Using a Data Vault to Support Data Science

Veronika Durgin
IndigoAg.Digital
Published in
7 min readMar 3, 2021

What’s all this mess?

Data is inherently messy. It wasn’t created that way on purpose, but due to many different reasons that is how it comes into a staging area or a Data Lake. It resembles a pile of Legos that used to be beautiful Lego sets but completely fell apart … and someone recycled the instructions.

Making sense of data in this chaotic state is complicated and time consuming. The long, tedious, and painful process of finding necessary data elements, trying to join them together, and perform data profiling and cleansing is frustrating.
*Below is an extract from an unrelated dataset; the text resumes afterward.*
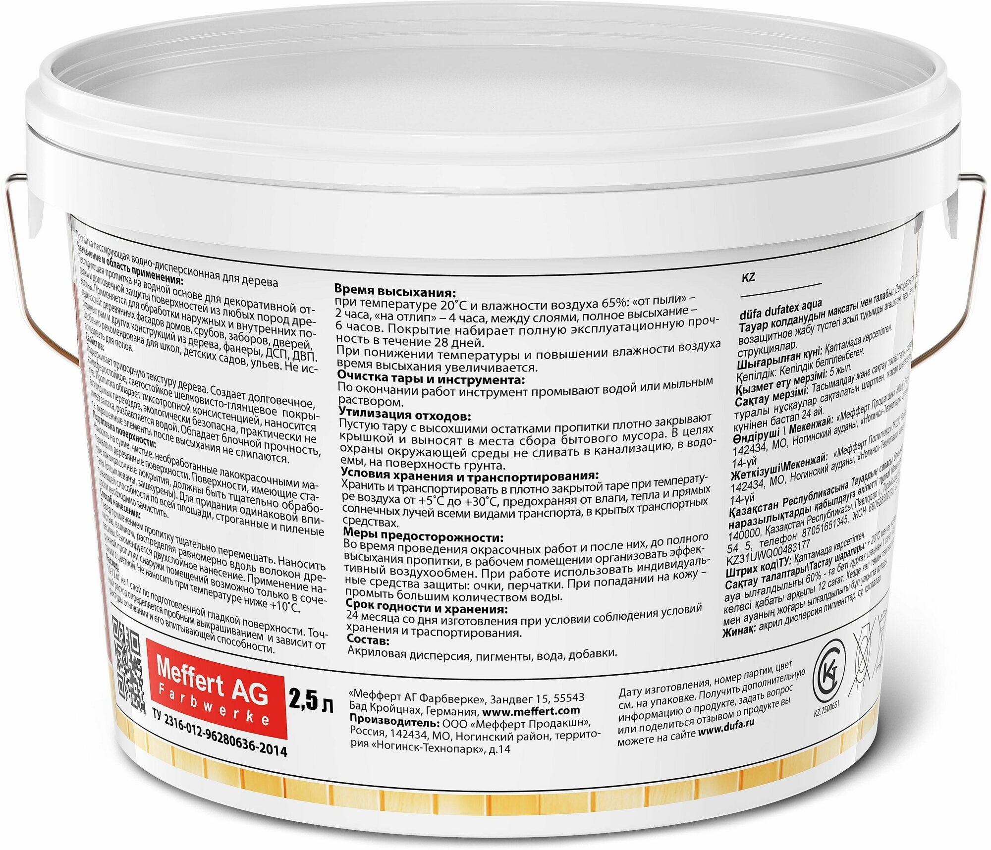 Пропитка для дерева водная белая Dufatex aqua 2.5 л для внутренних и наружных работ, тонирующая дерево, подходит в качестве базы под краску

Trust in data is usually lost along the way.

At Indigo Ag, we load data into Snowflake from over 100 different data sources. Some of these sources contain similar data while others are unique. Prior to adopting the Data Vault 2.0 methodology, every team was responsible for understanding the intricacies of each data source, cleansing it, and joining it to additional data in order to shape it to what they needed. There was a lot of complexity, redundancy, and inconsistency. Data Scientists and Data Analysts spent too much time on data prepping and cleansing instead of doing what they do best — discovering how data can be used to answer questions and solve problems.

Data Vault 2.0 to the rescue

Data Vault 2.0 can help solve or at least alleviate many pain points mentioned above. If you are new to Data Vault and its concepts, Data Vault Alliance is a great place to start. For Snowflake customers, Kent Graziano wrote a series of blog posts about optimizing Data Vault on Snowflake.

Here are some reasons why I think the Data Vault 2.0 methodology not only supports but also empowers Data Science:

Document the Business Semantics

The modeling aspect of the Data Vault methodology is based on the top down approach that focuses on understanding and modeling business concepts independent of the systems. Business Keys (Hubs), relationships between those business keys (Links), and descriptive attributes (Satellites) help build a model that is easy for others to understand and explore without needing any deep knowledge of where the data came from.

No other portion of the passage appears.